The paper considers an important problem that has also been mentioned in the literature. The algorithms proposed are non-trivial and the paper is overall very well-written and gives a clear exposition of the concepts and the ideas used throughout with many intuitive discussions which were useful. However, some parts could be improved. Specifically, I suggest adding a related work section wherein more details about the previous work and their relation to the current work are discussed. This would also help non-experts learn more about the true contribution of this paper and the concepts introduced. Nonetheless, I believe the considered problem could of interest to many people at NeurIPS and would like to see the paper accepted if there is room. Minor comment === Line 29: an arbitrary discriminative models --> model?

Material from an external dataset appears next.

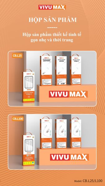 Cáp sạc nhanh 5A Vivumax L25c đầu Type C dài 25cm có thiết kế nhỏ gọn và bền bỉ

Logical circuits, are DAG structures used to represent functions. Specific structural properties of these DAG structures and the corresponding logic circuit representations are used to demonstrate ways of efficient computation of higher order expectations. If the logic circuit representations of the probabilities and discriminative function satisdy specific properties, these moments are efficiently computed. The proofs of propositions provided in Section 4 (1 & 2) seem to reasonably check out. However that of Theorem 2 & 3 need more elaborate description that seems missing. Overall the paper seems to be extending results of [10]. The results are an interesting application of very old methods (logical circuit representations) to the problem of calculating expectations. The paper is clearly written and organized well barring minor typos. I am not really convinced of the significance of this work given the negative results provided in Theorems 2&3, which suggest that seemingly for simple classes of discriminative functions calculating moments using this framework is #P-hard.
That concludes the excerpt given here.